As Super League IX champions, the Rhinos faced 2004 NRL season premiers, the Canterbury-Bankstown Bulldogs in the 2005 World Club Challenge. Senior played at centre in Leeds' 39–32 victory. In 2005 Senior became only the 20th player in the club's history to score 100 tries in his career.
Senior played for the Rhinos in the 2005 Challenge Cup Final at centre in their loss against Hull FC.

In January 2007 Senior celebrated his Testimonial match for the Rhinos with a 50–0 thrashing of his home town club, the Huddersfield Giants. Senior scored a late try in the match.

Senior was an integral part of the Rhinos squad that won the Super League Grand Final for three consecutive seasons in 2007, 2008 and 2009, all against St. Helens. During the 2009 season, Senior became the first player to reach 500 Super League appearances.

In 2009 Arriva Yorkshire asked local members of the public to nominate the thirteen best ever Rugby League players to have played in West Yorkshire as the 'Arriva Yorkshire Rugby League Dream Team'.

Senior made the final thirteen, along with Rugby League greats Trevor Foster MBE, Neil Fox MBE, Albert Goldthorpe, Alan Hardisty, Lewis Jones, Stan Kielty, Roger Millward MBE, Malcolm Reilly, Garry Schofield, David Topliss, Dave Valentine and Adrian Vowles.
 A ceremony was held in August 2009 at The Jungle, the home of the Castleford Tigers. A fleet of new buses were named after all the players.

He played in the 2009 Super League Grand Final victory over St. Helens at Old Trafford.

He played in the 2010 Challenge Cup Final defeat by the Warrington Wolves at Wembley Stadium.

At the end of the 2010 season Senior was named in the Super League Dream Team for the fifth time in his career.

===Crusaders RL===
On 7 July 2011 it was announced Senior was to join the Crusaders on a 2-year deal from 2012 making 2011's Super League XVI his last season for the Leeds Rhinos.

However, on 26 July 2011 the Crusaders withdrew from the Super League. Keith Senior retired as a professional rugby league footballer shortly afterwards.

===Representative honours===
Senior made his Great Britain début in 1996, scoring a try after coming off the bench in the 72–4 win over Fiji. He also made his first start for Great Britain in 1998, against New Zealand.
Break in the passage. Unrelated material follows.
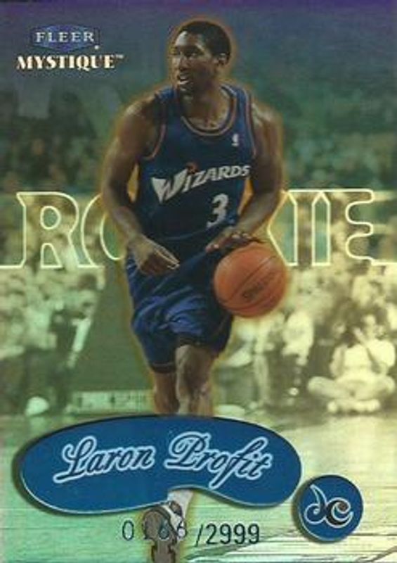 Laron Profit's Basketball cards are available in at least 4 sets. Laron Profit's biggest 7-day price movers are 1999 Fleer Mystique #124 Base /2999, 1999 Fleer Mystique #124 Masterpiece /1, and 1999 Upper Deck #349 Gold /1.

Senior represented England at the 2000 Rugby League World Cup.

Senior also represented Yorkshire in the now defunct 'War of the Roses' Origin Series, against cross-Pennine rivals Lancashire. Senior played in three consecutive defeats in 2001 and 2002, twice at Headingley, scoring two tries. In 2003 Yorkshire beat Lancashire. Senior scored two tries in the 56–6 victory at Odsal Stadium.

Senior was selected in the Great Britain team to compete in the end of season 2004 Rugby League Tri-Nations tournament. In the final against Australia he played at centre in the Lions' 44–4 loss.

In 2007, Senior played in all three Test matches during the 3–0 series whitewash over New Zealand.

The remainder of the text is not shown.